Laparoscopic Management of Hydatid Cyst in ChildrenRadu N Balanescu*, Laura Topor and Andreea Moga
Department of Surgery, Emergency Children’s Hospital, Grigore Alexandrescu, Romania
- *Corresponding Author:
- Radu N Balanescu
Department of Surgery, Emergency Children’s Hospital
Grigore Alexandrescu”, Bd. Iancu de Hunedoara
No 30-32, Sector 1, Bucuresti, Romania
Tel: + 40(0)21-316-93-66
E-mail: [email protected]
Received Date: November 18, 2014 Accepted Date: December 20, 2015 Published Date: December 27, 2015
Citation: Balanescu RN, Topor L, Moga A. Laparoscopic Management of Hydatid Cyst in Children. Journal of Surgery [Jurnalul de chirurgie]. 2015; 11(4): 173-175 DOI:10.7438/1584-9341-11-4-11
Copyright: © 2015 Balanescu RN, et al. This is an open-access article distributed under the terms of the Creative Commons Attribution License, which permits unrestricted use, distribution, and reproduction in any medium, provided the original author and source are credited.

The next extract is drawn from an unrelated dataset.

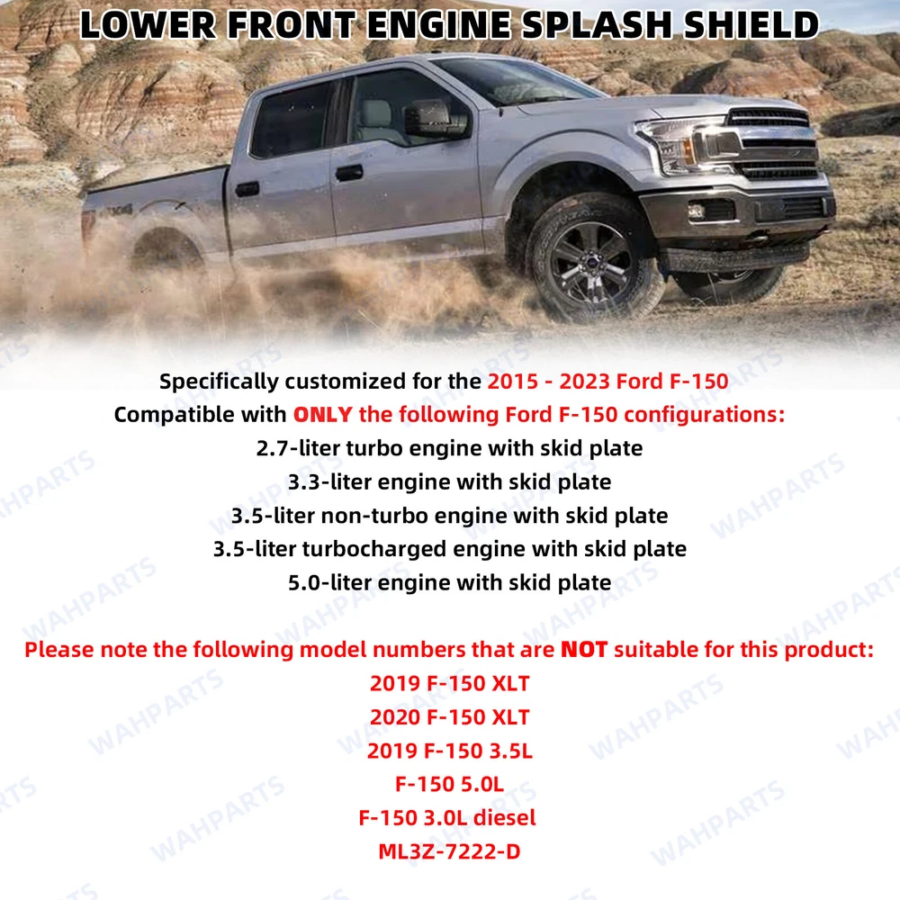 Features & details 【 Replacement & Part Number 】 FL3Z-5D032-D, FL3Z5D032D 【 Compatible With 】 2015-2023 Ford F-150 F150 2.7 LITER TURBO, w/skid plate 3.3 LITER, w/skid plate 3.5 LITER W/O TURBO, w/skid plate 3.5 LITER W/TURBO, w/skid plate 5.0 LITER, w/skid plate 【ATTENTION】 Please note the following model numbers that are NOT SUITABLE for this product: 2019 F-150 XLT 2020 F-150 XLT 2019 F-150 3.5L F-150 5.0L F-150 3.0L diesel ML3Z-7222-D 【 Features 】 High-Quality - Made of Heavy Duty steel and durable materials, and coated with a rust-proof finish, this splash shield can withstand various harsh environments Easy Installation - This Engine Splash Shield is simple and easy to install, requiring no modification. Design - Its unique design features heat dissipation holes, effectively dissipating the heat generated by the engine to maintain optimal performance. Made of high grade materials. 100% tested before shipment. No need adjustment. 【 Package Includes 】 1* Lower Front Splash Shield 2* Short Bolts 4* Long Bolts 4* Lock Washers 9* Hex Nuts 24 * Flat Washers Notes: - Fitment above is for reference only, please check the OE number, models and years before you purchase. - Installation instruction is not included, professional installation is highly recommended. 【Service & Warranty】 Purchase from WAHPARTS, enjoy 1 year no worries-warranty, whenever you met issue when installing or using, please contact us via eBay Message, and we will reply within 24 hours and help solve the problem. Customer Question & Answers Q1: Will This Part Fit My Vehicle? We list all the compatiblity, if your vehicle does not show up on the compatibility table at the top of our listings, welcome you to contact us for free consulation before purchasing a product. Q2: Does they come with warranty? All of our product comes with 1-year warranty, but some times you need to pay the shipping fee. Q3: How to use it? If you don't know how to install this accessory, welcome to contact us, we will provide you with a video guide. Payment Shipping Warranty & Service Returns/Exchanges Contact us Payment Most of the payment methods are available, such as Paypal, Payoneer, Credit Card. Within 1 day of receiving your payment, we will start processing your order. Shipping All Items Will Be Ship Within 1working Days, and We Will Ship out All Orders As Soon As Possible After Payment Verified, Please Allow up to 1-6 Business Days for Delivery. Why Choose the Us Stock? 1. Us Local Shipping, No Extra Customs Cost. 2. Fast Delivery: 1-6 Working Days Delivery. Warranty & Service All the product in our store come with a 1-year-warranty. If there is a problem with the product you purchased within 1 year, please contact us, we will provide you with after-sale protection. Our job is not complete until each customer is satisfied! Receiving positive feedback is extremely important to us. We give all our buyers positive feedback as soon as payment is received Negative feedback and bad ratings do not solve the problem! If you contact us via eBay, we will be more than happy to work with you! Returns/Exchanges If you received an incorrect, damaged, defective, or item not as described , contact us for a partial/full refund or replacement on our costs. If we shipped you the wrong part, we pay for the return shipment and send you the correct part. If you ordered the wrong part, contact us for a return address and simply return it,give us a tracking number. We will send you the new item as soon as the returned package is received; If you simply don't want the part, ship it back and give us a tracking number. After we receive the item, we will refund the item price minus shipping costs. All returns must be done within 30 days after receiving the package. Parts must be new and unused in the original condition: including box, packaging and all other accessories,or we will charge you a partial costs. Contact us If you encounter any problems during purchase or use, please contact us via eBay message directly. On Feb 8, 2025 at 04:19:32 PST, seller added the following information:

Hydatidosis is a zoonosis produced by the larval stage of Echinococcus granulosus, with an endemic distribution, mainly in the rural areas. Frequently it is localized in the liver (60%) or in the lungs (30%), with most of the patients being asymptomatic. The positive diagnosis is based on ultrasonography, CT or MRI scans, as well as immunological studies (ELISA). The management of hydatidosis includes medical treatment with Albendazole in association with surgical treatment, which may be achieved by open surgery or laparoscopic approach. We present the case of a 5 year-old patient, who was admitted to hospital for recurrent episodes of epistaxis, shortness of breath and abdominal fullness and was diagnosed with hepatic and pulmonary hydatidosis. We decided to perform a laparoscopic Lagrot pericystectomy and postoperative medical treatment with Albendazole, with favorable outcome.